McConnell and “Bending the Law”: McConnell's testimony concerning his article “Breaking the Law, Bending the Law” only heightened concerns about whether he would fully enforce laws and legal opinions with which he passionately disagrees. McConnell tried to claim that his article was mostly critical of Judge Sprizzo, who acquitted two defendants who had obstructed an abortion clinic driveway on several occasions in violation of FACE and a court injunction. As Senator Schumer noted, however, McConnell’s praised Sprizzo, stating that “one cannot help admiring the judge’s act” that reflected “courage in defense of conscience.” (PFAW Report at 32.) While not advocating that judges break the law, in the article McConnell clearly endorsed “bending the law,” stating that Judge Sprizzo should have imposed a slap on the wrist such as a $50 fine for trespass. In response to Senator Schumer, McConnell at his hearing suggested that he was not aware that the defendants in the case had been repeat violators and would consider whether gradations of punishment might be appropriate. However, the 2d Circuit opinion reviewing Judge Sprizzo's acquittal decision clearly stated that the defendants had physically obstructed the clinic driveway and been arrested for doing so on several occasions over five years (1990 to 1995) before the U.S. Attorney filed a civil complaint under FACE. United States v. Lynch, 162 F.3d 732, 733-34 (2d Cir. 1998).

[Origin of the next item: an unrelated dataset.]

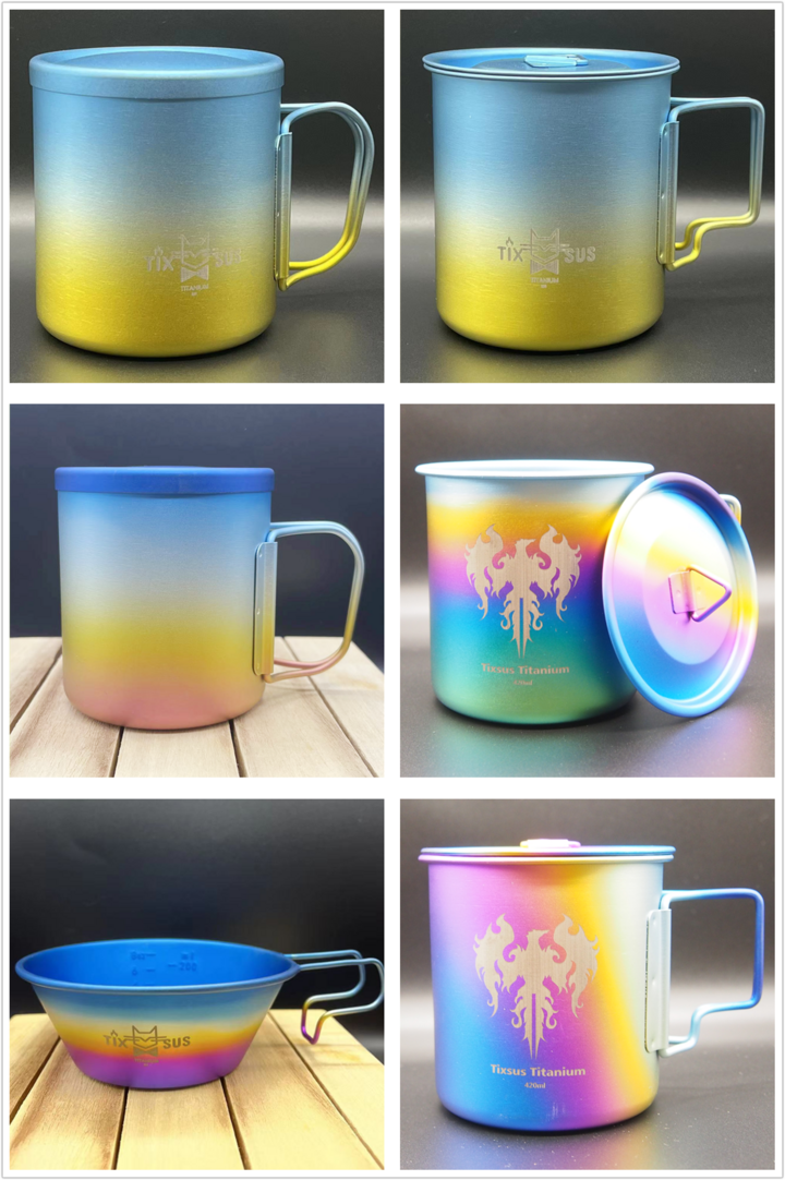 通常に使われるチタン製のマグカップ・シェラカップの単調な色より豊かな色彩を創ることを目指し、普段食卓や家族とのピクニック・キャンプのお供としても使えます。表面のグラデーションは塗装でも、メッキでも、染料でもなく、チタンの表面にグラデーションの酸化被膜を形成させ、軽くて美しいカラーチタンで製品の魅力アップ、メッキや染料や塗装と比べチタンの耐候性、耐食性質感も良好です。

McConnell and special rights for religion: McConnell claimed at his hearing that he advocates “neutral” treatment for religion. Yet even at his hearing, and in a number of writings, he has argued for special treatment for religious adherents to exempt them from important rules, even in cases where the Supreme Court has unanimously found that the rules do not burden religion. This includes civil rights rules as in Bob Jones, anti-bigamy laws, neutral sales tax provisions on the sale of merchandise, and minimum wage and hours rules protecting workers. (PFAW Report at 13-16.)
McConnell and federalism and congressional laws protecting individual rights: McConnell pointed out at his hearing that he disagrees with the Supreme Court’s decision striking down a federal law protecting religious free exercise, which was based on “federalism” concerns. But he has applauded decisions striking down federal laws protecting women and the elderly as “cause for celebration” because they strengthened “federalism.” (PFAW Report at 10.) He praised the Court’s decision striking down key parts of the Violence Against Women Act and attacked Congress for passing it, claiming that it was a “redundant and symbolic statute, which only complicates the problem of crime.” (PFAW Report at 8.) He has asserted that much of Congress’ evidence in support of the law was “so false and distorted that it could serve as an update on How to Lie With Statistics.” (PFAW Report at 8.)